## PROBLEM DETAILS
What is needed is an exact reproduction of the listing, without its pictures.

## DATA BELOW
____

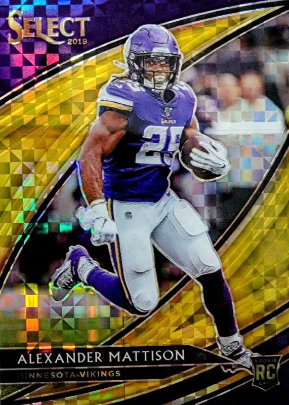 This card is 1 of 35 Alexander Mattison's card variations in the 2019 Select set being tracked by Sports Card Investor, including Concourse, Field Level, Concourse Silver, Field Level Silver, and Concourse Tri-Color /199.
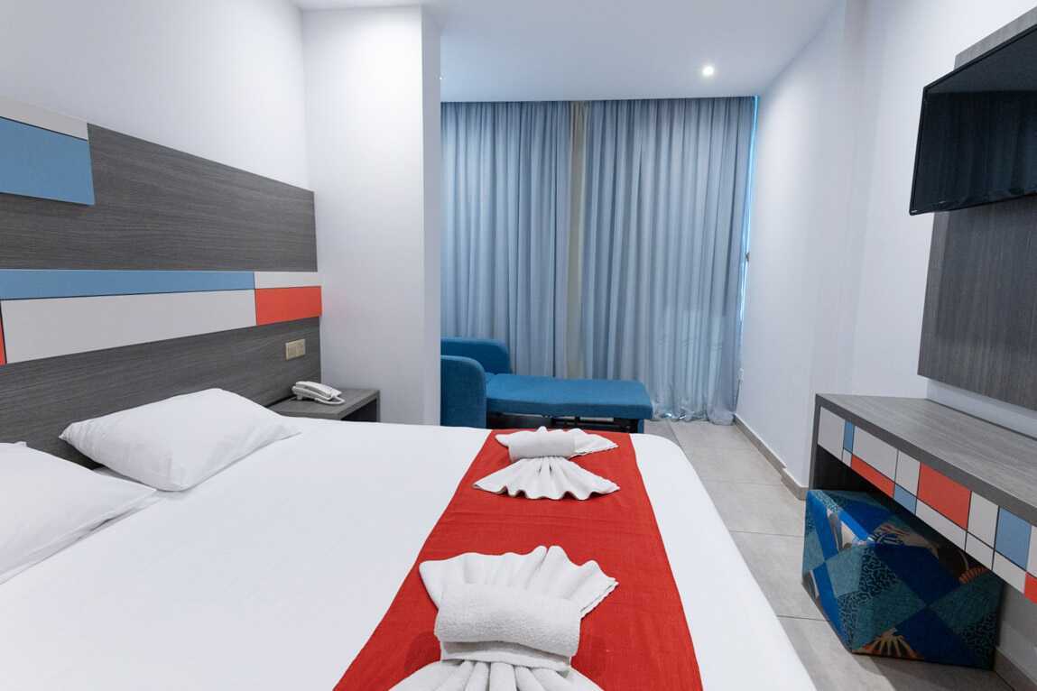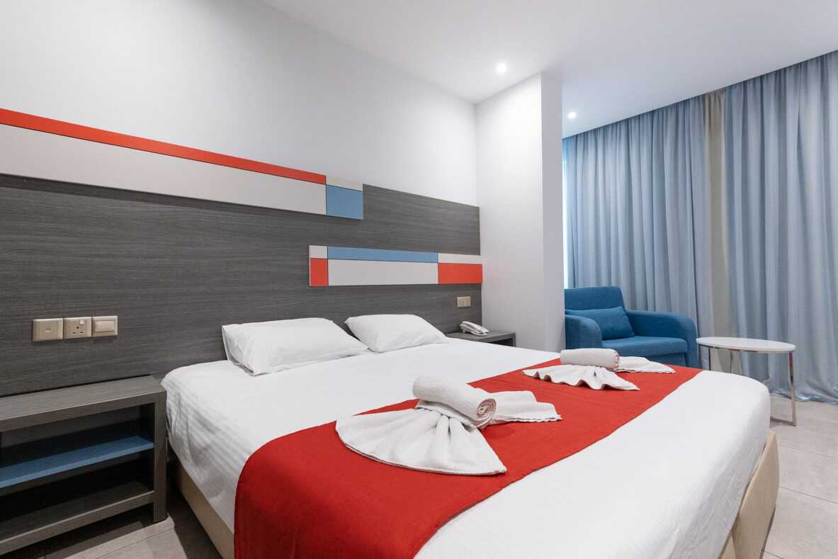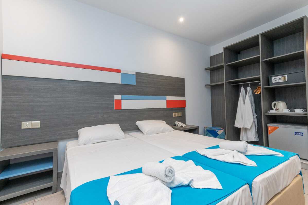 Superior-huone parvekkeella. Parivuode tai kaksi yhden hengen sänkyä. Lisävuodemahdollisuus kokoontaitettavassa sängyssä tai nojatuolissa. Maksuton wifi, ilmastointi ja tallelokero. Jääkaappi. Tv kansainvälisillä kanavilla. Hiustenkuivain. Kylpyhuoneessa suihku ja wc. Siivous 7 krt/viikko. Alle 2-vuotiaat lapset lasketaan lisävuoteella majoittuviksi henkilöiksi.
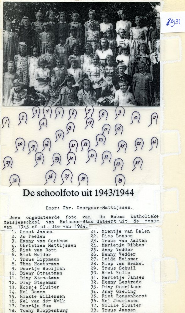 Klassenfoto Agnesschool in de Langekerkstraat ca 1943

____

## RESPONSE TO THIS EXERCISE
 This card is 1 of 35 Alexander Mattison's card variations in the 2019 Select set being tracked by Sports Card Investor, including Concourse, Field Level, Concourse Silver, Field Level Silver, and Concourse Tri-Color /199.
 Superior-huone parvekkeella. Parivuode tai kaksi yhden hengen sänkyä. Lisävuodemahdollisuus kokoontaitettavassa sängyssä tai nojatuolissa. Maksuton wifi, ilmastointi ja tallelokero. Jääkaappi. Tv kansainvälisillä kanavilla. Hiustenkuivain. Kylpyhuoneessa suihku ja wc. Siivous 7 krt/viikko. Alle 2-vuotiaat lapset lasketaan lisävuoteella majoittuviksi henkilöiksi.
 Klassenfoto Agnesschool in de Langekerkstraat ca 1943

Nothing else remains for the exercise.